Consistent with most conventional wisdom, the starting point is aiming to prevent dark money entering the system in the first place. What is less apparent is exactly how low the due diligence bar is as a protection against fraud. The SARs scandal has now laid this bare. Most responses in the financial sector commence after the DD stage when deals have collapsed or turned sour applying ‘after-the-fact’ analysis of probity and in almost every case, the primary actor should never have been entertained, as in a recent property investment fraud where the most cursory of checks would have uncovered public records of bad character, or in relation to Wildcard’s COO, Jan Marsalek, about whom red flags had been raised years before his hand in one of the more flagrant financial deceits became fully apparent in June last year.

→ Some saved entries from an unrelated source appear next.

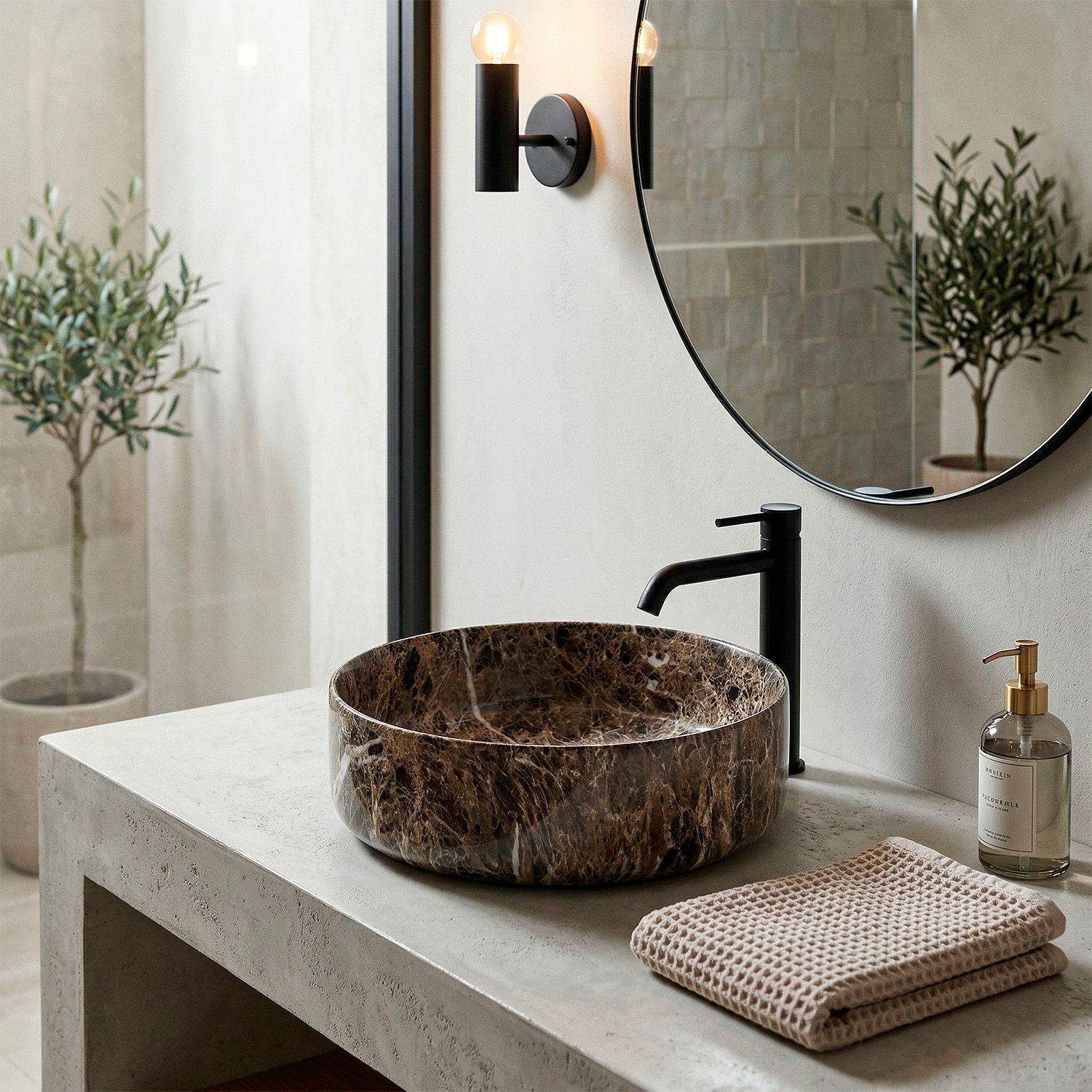 —Раковина-чаша Azario 355х355х120 накладная, круглая, темный мрамор (AZ-3134-M816)
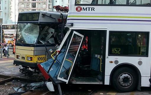 香港輕軌與巴士相撞致19傷 3條輕軌線暫停(圖)
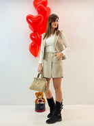 Borsa in vera pelle, manici corti e chiusura con zip, perfetta per ogni occasione, tracolla removibile, foderata all'interno. Dettaglio esterno con cuoricino silver.
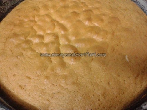 Şimdi yuvarlak bir kalıbın içini birazcık yağlayın ve hamuru içine dökün. Bu arada fırını yakın ve ısısını 180 dereceye ayarlayın. Fırın kızınca da kalıbı içine koyun. Pandispanya kabarmaya başlamadan fırının kapağını açmamanız gerekiyor. Aksi halde kabarmış bir kek elde edemezsiniz. Pandispanyayı fırından çıkarmadan önce klasik yöntemle yani kürdan batırarak kekin pişip pişmediğini kontrol edin.
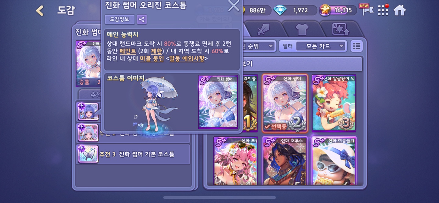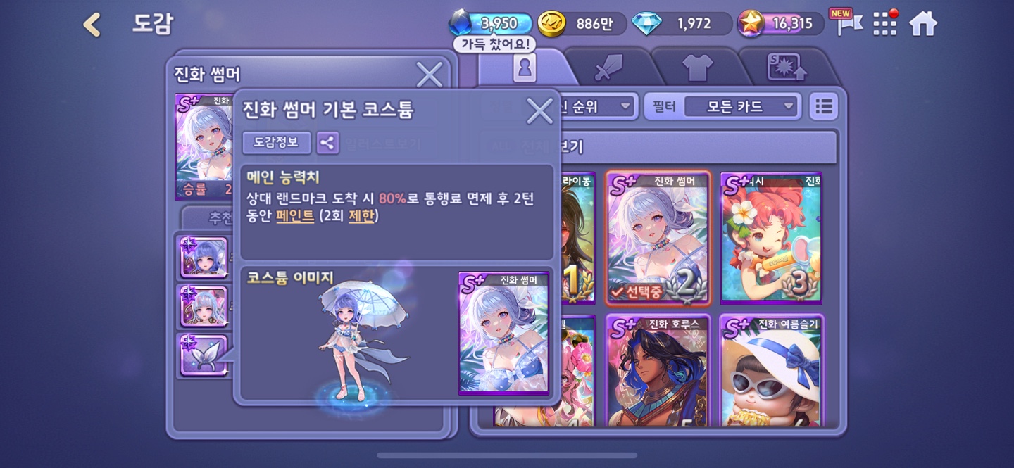 캐릭터 카드의 능력 또한 행운아이템처럼 더욱 늘어나고 있는데요, 기존에는 2+1의 능력이었다면 위의 이미지처럼, 썸머의 캐릭터카드의 능력치는 총 7가지입니다.
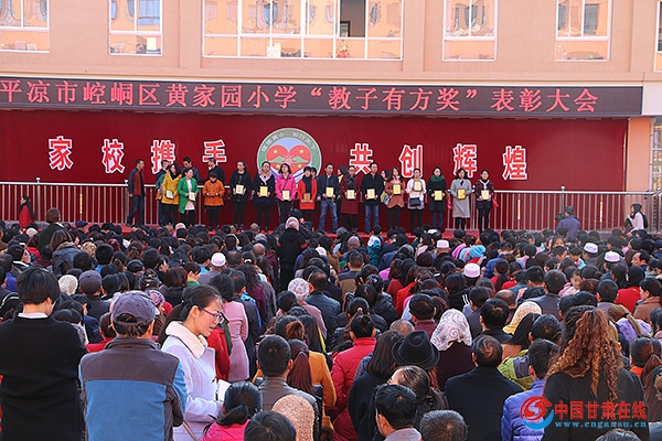 图为:平凉崆峒区黄家园小学举行“教子有方”奖表彰大会现场  中国甘肃在线讯 11月1日讯(记者:马来虎) 10月31日,崆峒区黄家园小学举行了“教子有方奖”表彰大会。表彰了该校教子有方的优秀家长和优秀教职工,该

While prevention is always better than cure, if things do go wrong, investigation conducted through traditional legal protocols such as bankruptcy proceedings or forensic accounting rarely succeed, because these are precisely the toolsets the fraudster aims to outwit from the get-go. In the case of the investment fraud above, a law firm with the full support of the courts, had made no headway on the perpetrator’s whereabouts, any known assets or sources of income after 8 months of enquiry.

In such circumstances, different and far more effective investigative protocols are required, informed by military know-how with law enforcement and cyber insight. In this particular case, within three weeks, an independent investigations firm had applied a targeted methodology and unique intelligence collection tools to develop a full profile of the fraudster, including multiple addresses, known associates and likely sources of income. Further investigation identified a network of cash-rental properties and other laundering enterprises that gave the courts the basis for issuing warrants and seizure of property, all at a cost of 1% of the funds recovered.

If principle one is to go beyond vanilla due diligence, then principle two is to deploy investigative protocols that the fraudster will not have prepared to obviate from the outset of their criminal adventure.

Principle three is to mesh these capabilities into an investigative capability that transcends national boundaries. As the SARs scandal emphasises, it is the very movement of capital across territorial borders that enables it to evade tracing and detection, especially in what might be termed hostile jurisdictions.

In a recent investigation for a European investment bank that had lost $800m in a fraud committed by a Russian oligarch, seven years of pursuit with a legal team with recourse to several European courts had failed to make inroads into recovering the misappropriated money. In short order measured in weeks, pan-national investigators were able to identify a network of people of interest to the courts who manifestly were living beyond their income, and identify a number of key actors who held governmental positions. This development not only gave the courts a foothold to bring individuals into the legal system for redress, but also to charge a state in being complicit in the fraud. This positive outcome has transformed seven years of frustration into legal options that allow damages to be awarded and investor’s money to be recovered.

Investigation of financial crime in the globalised economy therefore must scale across jurisdictions. Criminals understand the playbook of the authorities from the application of predictable, hidebound legal processes to the limitation for many forms of enquiry to simply stop at national boundaries. In short, the investigation capabilities need more firepower than the fraudsters.